At some point earlier this month, Barack Obama took a moment out of his busy day to sign an "execute order." That is, he ordered American agents to kill a man without any legal procedure whatsoever: no arrest, no trial, no formal presentation – and disputation – of evidence, no defense…and no warning. They killed him on the open road, in a sneak attack; he was not engaged in combat, he was not posing an imminent threat to anyone at the time, he had not been charged with any crime. This kind of thing is ordinarily regarded as murder. Certainly, if you or I killed someone in this way – or paid someone to do it – then we would find ourselves in the dock, facing life imprisonment or our own execution. But then, you and I are subject to the law; our leaders are not.
Let's say it again, just to let the reality of the situation sink in a bit further: at some point last week, Barack Obama ordered men in his employ to murder another human being. And not a single voice of protest was raised anywhere in the American political and media establishments. Churchmen did not thunder from the pulpits about this lawless action. The self-proclaimed patriots and liberty-lovers on the ever-more militant Right did not denounce this most extreme expression of state tyranny: the leader's arbitrary power to kill anyone he pleases. It is simply an accepted, undisputed fact of American life today that American leaders can and do – and should – murder people, anywhere in the world, if they see fit. When this supreme tyranny is noted at all, it is simply to celebrate the Leader for his toughness -- or perhaps chide him for not killing even more people in this fashion.
I wrote a great deal about this theme when George W. Bush was president. I began back in November 2001, after the Washington Post reported that Bush had signed an executive order giving himself the power to order the killing of anyone he arbitrarily designated a terrorist. Year after year, I wrote of how this murderous edict was put into practice around the world, and of its virulently corrosive effects on American society. Now Barack Obama is availing himself of these same powers. There is not one crumb, one atom, one photon of difference between Obama and Bush on this issue. They both believe that the president of the United States can have people killed outside of any semblance of a judicial process: murdered, in cold blood, in sneak attacks, with any "collateral damage" regarded as an acceptable by-product – just like the terrorists they claim to be fighting with these methods.

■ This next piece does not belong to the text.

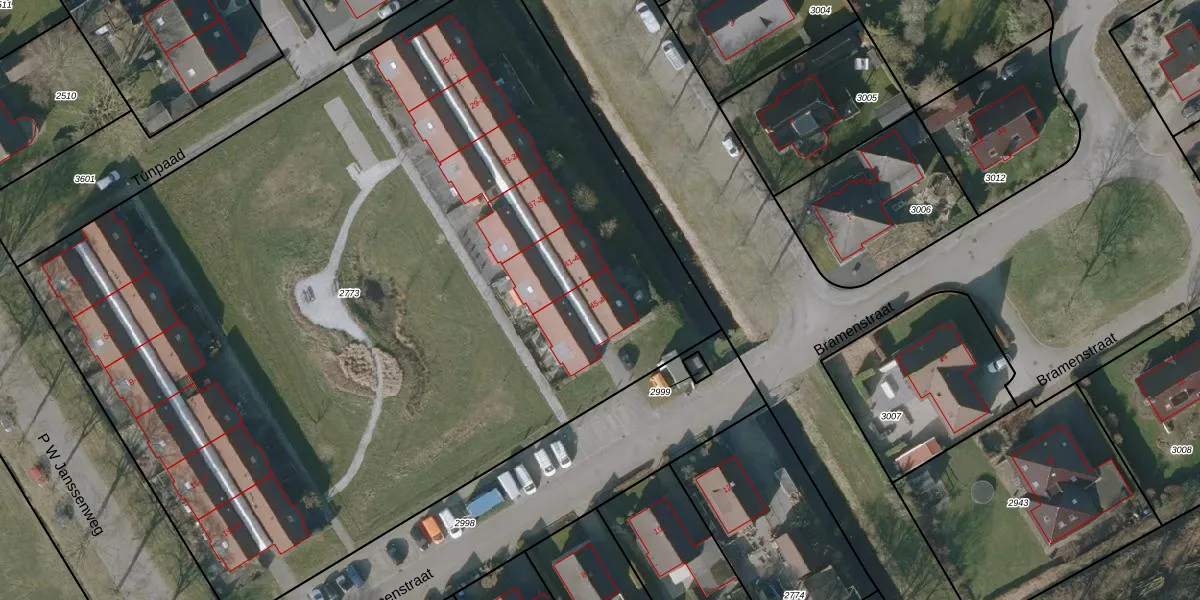 Het perceel waarop Bramenstraat 45 staat heeft een oppervlakte van 6600 m². Dit is een zeer groot perceel. De perceeloppervlakte wordt geregistreerd door het Kadaster. Gedetailleerde informatie over de maten van dit perceel kunt u vinden in het rapport Kadastrale kaart met maatvoering van Bramenstraat 45.

Nor does this doctrine of presidential murder make any distinction between American citizens and foreigner. Indeed, one of the first people known to have been killed in this way was an American citizen living in Yemen. So let us put the reality in its plainest terms: if the president of the United States decides to call you a terrorist and kill you, he can. He doesn't have to arrest you, he doesn't have to charge you, he doesn't have to put you on trial, he doesn't have to convict you, he doesn't have to sentence you, he doesn't have to allow you any appeals: he can just kill you. And no one in the American power structure will speak up for you or denounce your murder; they won't even see that it's wrong, they won't even consider it remarkable. It's just business as usual. It's just the way things are done. It's just the way we are now.